# Orange/Yellow 2D Industrial/Safety Flashlights



## EscapeVelocity (Feb 14, 2013)

Who made the best?

Fulton
Bright Star
Mallory/Duracell
Rayovac
Energizer
Other

I see that there are some LED models now and also that there are a few 3D versions.


----------



## EscapeVelocity (Feb 15, 2013)

Paging ericjohn. You out there?


----------



## YAK-28 (Feb 17, 2013)

pelican, streamlight and underwater kinetics make some pretty good "indusrtial" lights you might look at.


----------



## ericjohn (Feb 19, 2013)

Sorry I haven't been on here in the past few days. My sincere apologies.

I would say that the Bright Star 22xx incancescent and LED models are the best. Also the Rayovac Industrials from the 1990s and the Eveready/Energizer 125x, 135x and 1151 Industrials from the 1990's and 2000's are also excellent choices. I have had no good experience with Pelican. Also I forgot to mention in the PM I sent you that I also have a UK Mini Q40 (xenon model.) I didn't list it as industrial, because I consider it more of a diving flashlight. It is also a VERY good flashlight; made in USA, waterproof, rugged, long lasting bulb.

The Fultons I have had were the MX military lights, and I have had NO luck with them. I have only owned tactical Streamlights, so I have no idea about their industrial line.

I hope I have been helpful.


----------



## EscapeVelocity (Feb 19, 2013)

Thanks ericjohn for sharing your experience with these class of flashlights with me. If you dont mind, Ill post the PM you sent me, so that others may benefit from your knowledge that you took the time to share with me. 
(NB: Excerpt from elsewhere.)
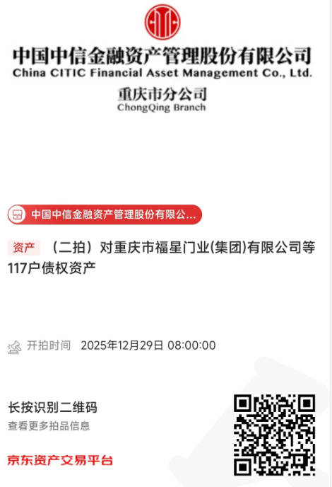 中國中信金融資產(chǎn)管理股份有限公司重慶市分公司(以下簡稱我分公司)擁有對重慶市福星門業(yè)(集團)有限公司等117戶不良債權(quán)資產(chǎn)。我分公司于2025年12月29日8:00至2025年12月30日17:30在京東拍賣網(wǎng)通過公開競價方式進行處置,拍賣鏈接如下圖所示,現(xiàn)再次予以公告。
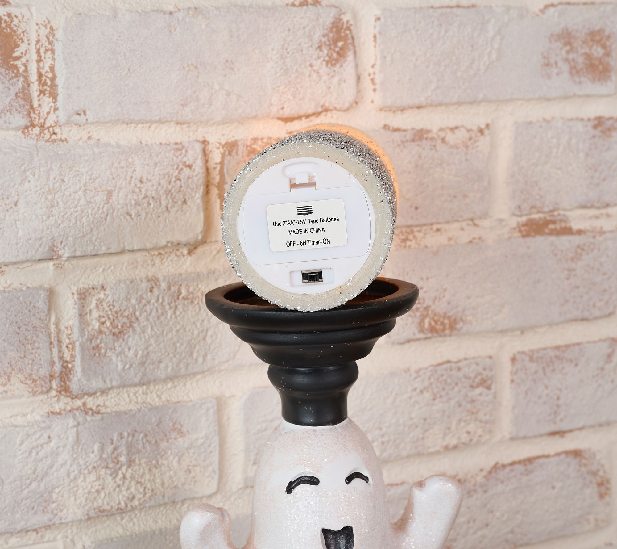 Usher in the Halloween season with this whimsical candle holder. Each beloved character holds a glittery flameless pillar candle, bringing bright sparkle to your seasonal decor. From Hay & Harvest.

> Well, I like the explosion proof models most. I don't know why except for the fact that they are common in my area (South Louisiana.) We have plenty of sugar refining, oil production, grain storage, chemical processing and people working on boats. Incandescent explosion proof flashlights are significantly dimmer than a flaslight with a Krypton bulb. This is because the surface temparature of a bulb filled with a noble gas is much hotter than a vacuum bulb. This keeps the flashlight's temparature below the ignition point of the hazardous dust or vapor that it is approved to be used in. I try to buy only American Made lights, but I have experience with both. IMHO I find smooth reflectors out preform faceted ones. I don't know who brilliant idea (sarcastic) was it to start making those damn things. I will attempt to list, describe and review every industrial flashlight I have ever owned or used.
> 
> Rayovac Industrial 2D (1990's version.) I have had mine for 13 years and counting. It is actually the flashlight that I have had the longest. It has always preformed wonderfully and has a uniform beam. It came with a powerful, high quality PR Krypton bulb. American Made. Bought it from Wal-Mart when I was 13. smooth reflector.
> 
> ...


----------



## EscapeVelocity (Feb 19, 2013)

Do any of these use metal reflectors, ericjohn? Or are they all plastic?


----------



## StarHalo (Feb 19, 2013)

I had a UK back in the incan days, would still rate it my all-time fave of all the incans I ever owned.

Been watching lots of X-Files on Hulu lately, Scully and Mulder used the UK 3C model constantly..


----------



## EscapeVelocity (Feb 19, 2013)

It's difficult to discern which of the Rayovac, Energizer, and Duracell lights are made in the USA. So Im sticking with Brightstar or Fulton.

I have 3 Pelican 4AA Stealthlites that for years were my favorite flashlights. I also like the Pelican 2C Sabrelite. Underwater kinetics looks to have some nice lights too, I like the looks of the 4AA model. But I class these are more akin to dive lights than industrials.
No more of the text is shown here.